After a day and a half the train stopped at a town called Ostrolenka. Grigori had never heard of it, but he could see that it was the end of the railway line, and he guessed it must be near the German border. Here hundreds of railway wagons were being unloaded. Men and horses sweated and heaved to maneuver huge guns off the trains. Thousands of troops milled around as bad-tempered officers attempted to muster them in platoons and companies. At the same time tons of supplies had to be transferred to horse-drawn carts: sides of meat, sacks of flour, barrels of beer, crates of bullets, artillery shells in packing cases, and tons of oats for all the horses.

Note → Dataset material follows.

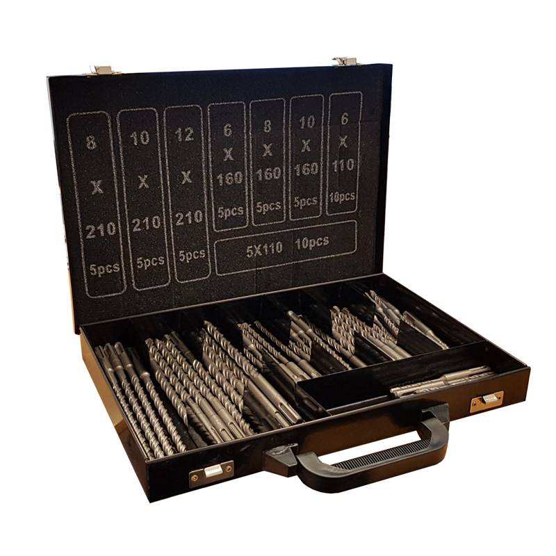 SDS PLUS 2-skær HammerborsætSkær længde: 95-142 mmSpids vinkel: 50-52 graderMateriale: 40Cr & YG8C Tungsten CarbidValset udførelse

At one point Grigori saw the loathed face of Prince Andrei. He wore a gorgeous uniform-Grigori was not sufficiently familiar with badges and stripes to identify the regiment or rank-and rode on a tall chestnut horse. Behind him walked a corporal carrying a canary in a cage. I could shoot him now, Grigori thought, and avenge my father. It was a stupid idea, of course, but he stroked the trigger of his rifle as the prince and his cage bird disappeared into the crowd.

The weather was hot and dry. That night Grigori slept on the ground with the rest of the men from his wagon. He realized that they constituted a platoon, and would be together for the foreseeable future. The next morning they met their officer, an unnervingly young second lieutenant called Tomchak. He led them out of Ostrolenka on a road that headed northwest.

Lieutenant Tomchak told Grigori they were in 13 Corps, commanded by General Klyuev, which was part of the Second Army under General Samsonov. When Grigori relayed this information to the other men they were spooked, because the number thirteen was unlucky, and Sergeant Gavrik said: “I told you it was none of your business, Peshkov, you cocksucking homo.”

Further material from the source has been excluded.